Both documents were produced relatively recently, one in 2004 and one in 2007. But a lot has changed in the last few years. The way people interact with brands is now different.
Many interactions with brands happen online. Brands need to be designed to work on the web, because that’s often where they’re built, experienced and shared – and not on a letterhead.
This change means that most of what these ‘guidelines’ contain is a now a total irrelevance to the way a brand needs to be used. What we need to know of how the brand should live in the online environment is completely absent.
So, the question is, how can we be on-brand if the document that is supposed to govern this was written from a bygone era? It’s like watching Madmen to learn how to manage your agency (though not as much fun).

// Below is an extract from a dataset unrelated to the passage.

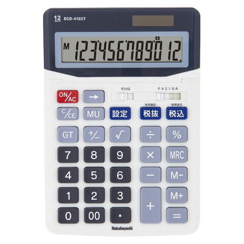 - 機能:12桁表示/早打ち対応/2つの電源/チルト機能/税計算
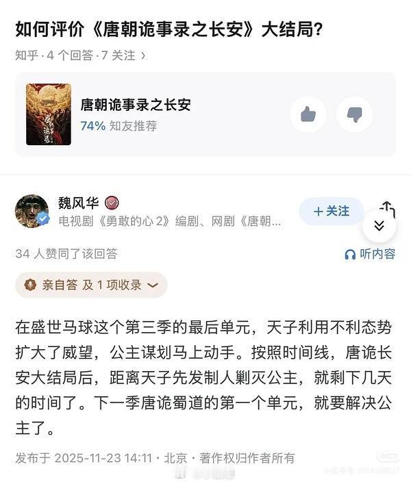 魏风华老师回应接下来的唐诡走向魏编和郭导在🐏文娱直播中,透露以下几点:1️⃣太平公主下一季开头就要下线了,会按历史走向编和拍!2️⃣卢凌风下一季开头会打的天昏地暗,先天政变正式拉开序幕!3️⃣苏无名会继续做官,官还不小,下一季去蜀道!4️⃣下一季会有老费的故事,老费是四川人!5️⃣第六季会探索海上故事!6️⃣演员返场,最重要的是剧情合适!唐朝诡事录之长安‖

First, stop telling me what to do
Anyway, they are not so much ‘guidelines’, as ‘rules’. These brand ‘guidelines’ are still obsessed by control: they are telling you dos and don’ts; defining safe areas; describing how a business card looks; and telling you exactly how you must describe the business.
It’s all one way. It feels very old school. You can’t control now; that age of marketing has gone. It’s no wonder we joke about ‘brand police’, but shouldn’t we now be talking about ‘brand mentors’?
It seems these brands are also obsessed with print representation and barely consider how the brand is rendered online (that’s the least of their troubles), let alone how the brand lives online in our connected, converged world. Yet, in many cases, this should be the first place they are tested.
Going beyond ‘corporate identity’
I don’t think these really are brand guidelines. In my opinion, calling them that is wrong. They are really just corporate identity guidelines for print, and little else. I totally agree that the integrity of a brand’s identity is essential to maintain. But I think calling these documents brand guidelines is some way off the mark from what they are. I think their production has become formulaic. It needs to change dramatically.
But, let’s face it, they already exist for a lot of businesses, and as the suggestion of a ‘brand-refresh’ in the current economic situation gives most financial directors heart palpitations, we must work with them. But I hope that marketing and brand managers will recognise when they have no real relevance to the sort of marketing they need to do now.
Robust and realistic guidelines
So here is what I think any brand guidelines of 2009 should include:
- Our brand online
- How the user should experience our brand online
- How our company blogs
- How we present ourselves on social media
- How we look to encourage participation with our brand
- How we participate with other conversations or groups
- How to monitor our brand online
- How we tweet
- Our website behaviours and interactions
- How we use microsites/landing pages
- Tone of voice and copy guidelines that consider SEO etc.
And so on.
I will admit, however, that there is a need for balance here. Some guidance on print production is necessary because most brands still use print.
But the emphasis has now changed and if the guidance we give to our working partners and agencies does not help them to support the brand online, we will lose all chance of consistency and end up with discordant and ultimately weaker brands. This is a very high price to pay for a shiny brochure.